Le bureau de l'Assemblée des députés brésiliens a décidé mardi que sa commission d'éthique devait "limiter" l'enquête en cours contre le président de la Chambre basse, Eduardo Cunha, ennemi numéro un de la présidente Dilma Rousseff.
Cette décision favorise M. Cunha, député évangélique et ultra conservateur, qui a accepté en décembre de lancer, à la demande de l'opposition, une procédure de destitution contre la dirigeante de gauche pour maquillage des comptes publics.
C'est M. Cunha qui a présidé dimanche la séance plénière où les députés ont voté pour la destitution de Mme Rousseff et transmis la procédure au Sénat, qui aura le dernier mot.
La décision du bureau de l'Assemblée stipule que la commission d'éthique devra se limiter à analyser l'accusation initiale d'"irrespect à la déontologie parlementaire" contre M. Cunha, qui a menti à la commission parlementaire d'enquête (CPI) sur le scandale Petrobras en 2015, en disant qu'il ne possédait pas de comptes bancaires à l'étranger.
La vaste enquête sur le scandale Petrobras a montré toutefois que M. Cunha possède bien des comptes en Suisse qui auraient été approvisionnés par des pots-de-vin provenant du réseau de corruption monté au sein de la compagnie pétrolière, à hauteur de 5 millions de dollars.

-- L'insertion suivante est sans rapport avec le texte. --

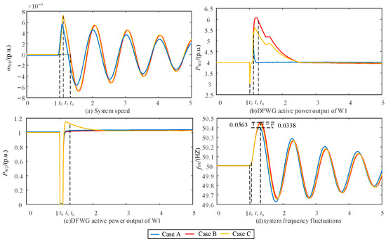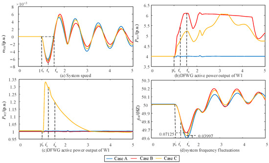In comparison to Case A, in Cases B and C, the proportional coefficient of the DFWG equivalent inertia control is . In , the system speed ωSR accelerates from ω′0 reverse to ω′τ, and the DFWG provides transient energy.

La procédure traîne déjà depuis cinq mois mais M. Cunha est parvenu par plusieurs subterfuges à paralyser les débats de la commission d'éthique sur la cassation de son mandat.
Le parquet l'a pourtant déjà mis en examen pour corruption et blanchiment d'argent, et le 3 mars, la Cour suprême a décidé d'ouvrir un procès contre lui sans en fixer la date.
Le troisième personnage de l'Etat brésilien est devenu ainsi le premier homme politique protégé par son immunité parlementaire à comparaître devant la Cour suprême dans le cadre du scandale de corruption Petrobras, qui a coûté plus de deux milliards de dollars à cette compagnie pétrolière publique.
Au Brésil, la Cour suprême est la seule institution à pouvoir juger les responsables politiques qui jouissent d'une immunité.